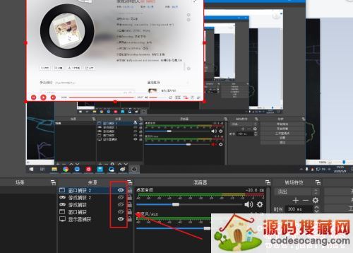 4、添加了多个窗口之后,可点击来源处后面的眼睛图标进行开启或关闭显示。
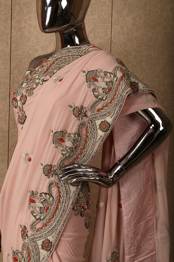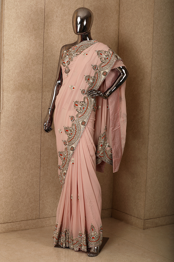 Light pink chiffon saree
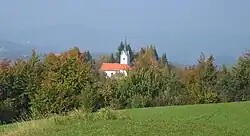 The local church is dedicated to Saint Lambert and belongs to the Parish of Stična. It was built in 1497 on the site of a medieval castle where Viridis Visconti, the wife of Leopold III, Duke of Austria, lived after her husband's death in 1386 until her own death in 1414.[5]
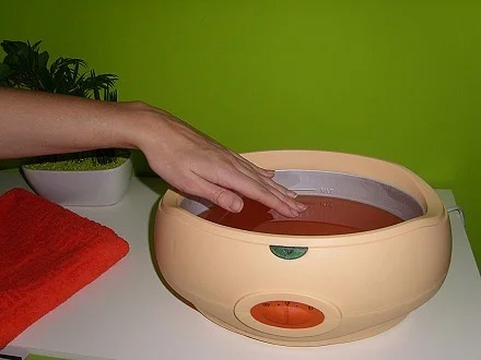 Parafín je speciální vosk obohacený o vitamín E, který může obsahovat další přídavné účinné složky. V našem studiu používáme aromaterapeutický parafín s obsahem esenciálních olejů z pomeranče, vitamíny a betakarotenem. Hlavní předností parafínu je schopnost zadržovat teplo. Při této proceduře se ruce několikrát ponoří do speciální lázně s tekutým parafínem o teplotě 55°C. Na rukou se vytvoří jakési parafínové rukavičky, které působí jako lokální termoterapie. Během zábalu postupně parafín předává rukám suché teplo a minerály do pokožky, dochází postupně ke hloubkovému prohřátí a zlepšení prokrvení rukou. Nastartuje se tak reakce organismu, kdy dochází ke zvýšené regeneraci tkání, uvolnění a snížení bolesti. Pokožka bude vyživená, hydratovaná a sametově hebká. Blahodárné účinky parafínu jsou rovněž doporučovány při bolestech drobných kloubů rukou a ztuhlého zápěstí.
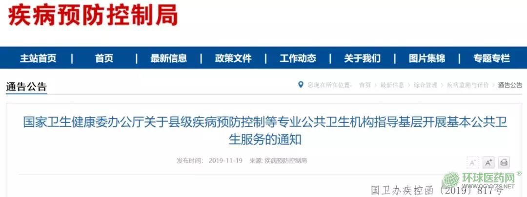 11月19日,國家衛(wèi)健委發(fā)布《關(guān)于縣級(jí)疾病預(yù)防控制等專業(yè)公共衛(wèi)生機(jī)構(gòu)指導(dǎo)基層開展基本公共衛(wèi)生服務(wù)的通知》(以下簡稱《通知》)。
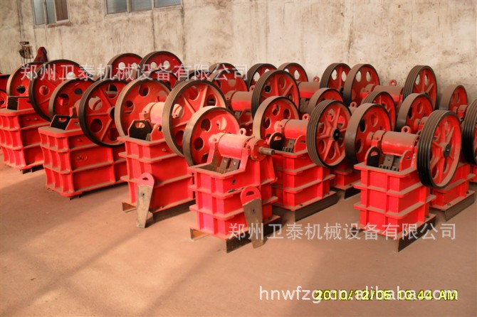 鄂式破碎机是出现较早的破碎设备,因其构造简单、坚固、工作可靠、维护和检修容易以及生产和建设费用比较少,因此,直到现在仍然广泛地在冶金、化工、建材、电力、交通等工业部门,用于破碎抗压强度在147~245MPa的各种矿石和岩石的粗、中、细碎。近年来,我厂为满足冶金、矿山、建筑等工业部门破碎高强度、高硬度的微碳铬铁的需要,专门研制了强力颚式破碎机。

+---+

### Brief
Without including any picture, write out the material above exactly.

### Response to this exercise
 4、添加了多个窗口之后,可点击来源处后面的眼睛图标进行开启或关闭显示。
 Light pink chiffon saree
 The local church is dedicated to Saint Lambert and belongs to the Parish of Stična. It was built in 1497 on the site of a medieval castle where Viridis Visconti, the wife of Leopold III, Duke of Austria, lived after her husband's death in 1386 until her own death in 1414.[5]
 Parafín je speciální vosk obohacený o vitamín E, který může obsahovat další přídavné účinné složky. V našem studiu používáme aromaterapeutický parafín s obsahem esenciálních olejů z pomeranče, vitamíny a betakarotenem. Hlavní předností parafínu je schopnost zadržovat teplo. Při této proceduře se ruce několikrát ponoří do speciální lázně s tekutým parafínem o teplotě 55°C. Na rukou se vytvoří jakési parafínové rukavičky, které působí jako lokální termoterapie. Během zábalu postupně parafín předává rukám suché teplo a minerály do pokožky, dochází postupně ke hloubkovému prohřátí a zlepšení prokrvení rukou. Nastartuje se tak reakce organismu, kdy dochází ke zvýšené regeneraci tkání, uvolnění a snížení bolesti. Pokožka bude vyživená, hydratovaná a sametově hebká. Blahodárné účinky parafínu jsou rovněž doporučovány při bolestech drobných kloubů rukou a ztuhlého zápěstí.
 11月19日,國家衛(wèi)健委發(fā)布《關(guān)于縣級(jí)疾病預(yù)防控制等專業(yè)公共衛(wèi)生機(jī)構(gòu)指導(dǎo)基層開展基本公共衛(wèi)生服務(wù)的通知》(以下簡稱《通知》)。
 鄂式破碎机是出现较早的破碎设备,因其构造简单、坚固、工作可靠、维护和检修容易以及生产和建设费用比较少,因此,直到现在仍然广泛地在冶金、化工、建材、电力、交通等工业部门,用于破碎抗压强度在147~245MPa的各种矿石和岩石的粗、中、细碎。近年来,我厂为满足冶金、矿山、建筑等工业部门破碎高强度、高硬度的微碳铬铁的需要,专门研制了强力颚式破碎机。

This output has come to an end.